Prove that $|A|\ge |B|$, as $A = \{A_i \vert i \in \mathbb{N}\}, \forall b \in B: b \subseteq \mathbb{R}$

Question

Prove that $|A|\ge |B|$, as $A$ and $B$ are two sets described as follows:

$A=\{A_i \vert \ i \in \mathbb{N}\}$, such that $\forall i,j\in\mathbb{N}:i\neq j: \ A_i\neq A_j\land A_i\cap A_j=\emptyset$,

$B$ is a set constructed of open intervals on $\mathbb{R}$,

such that for every $b_1, b_2 \in B: b_1 \cap b_2 = \emptyset$, $\forall b\in B: \ b = (x,y)\subseteq \mathbb{R}$ ($x\neq y$)

Prove: $|A| \ge |B|$, or in other words, Prove there exists a injective function $f: B \to A$.

My attempt:

As $B$ is a collection of open disjoint intervals on $\mathbb{R}$, then I'd like to define a partition over $\mathbb{Q}$ using the elements of $B$. Let this partition be called $\pi_{B}$.

By the definition of a partition, then $|\pi_B| = |\mathbb{Q}| =\aleph_0$

This allows me to know that there exists a bijection: $g: \pi_{B} \to A$, and as $\pi_B$ is defined using elements of $B$, then there exists an injective function $h: \pi_{B} \to B$.

I'd like to find a way to define a composition function of $h$ and $g$, such that this composition will be a one to one function: $f: B \to A$, and from that it will be possible to conclude that $|A| \ge |B|$.

But I don't know how to do such thing.

Answer 1

I will assume that $B$ contains no empty intervals.

Note that every interval $b\in B$ contains at least one rational number. This follows as $b$ is open and non-empty, hence we can find at least two elements in $b$, as a singleton set is closed. Since there is always a rational number between every two real numbers we can use the axiom of choice to find a map $f:B\rightarrow\mathbb{Q}$ such that $f(b)\in b$ for all $b\in B$. Note that this map is unique as the intervals in $B$ are pairwise disjoint.

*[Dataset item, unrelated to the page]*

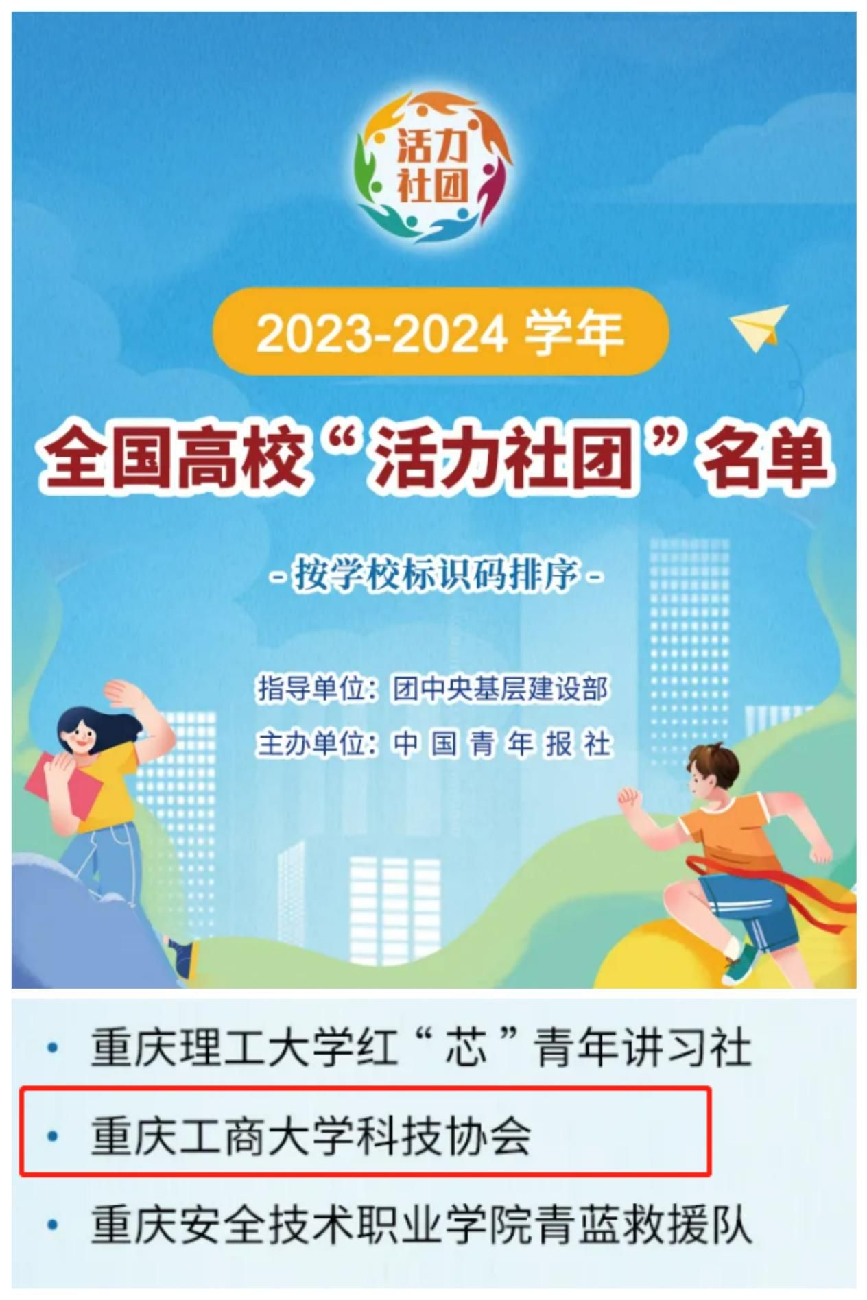 近日,由团中央基层建设部指导、中国青年报社主办的2023-2024学年全国高校“活力社团”评选活动公布获奖名单。pp电子科技协会从参与评选活动的全国3000余所高校十万余社团中脱颖而出,获评全国高校百强活力社团(重庆市仅3个高校社团获评该奖项)。

Let $g:\mathbb{Q}\rightarrow\mathbb{N}$ be an injection from $\mathbb{Q}$ to $\mathbb{N}$. Then $$h:B\rightarrow A,b\mapsto A_{g(f(b))}$$ is an injection.

To do this without the axiom of choice let $(a,b)$ be an open interval, Let $n$ be the smallest number such that $2^{-n}\leq b-a$. Then the set $$X_{(a,b)}=\{z2^{-n}\in (a,b):z\in\mathbb{Z}\}$$ is non-empty and we can define $f((a,b))=\min X_{(a,b)}$.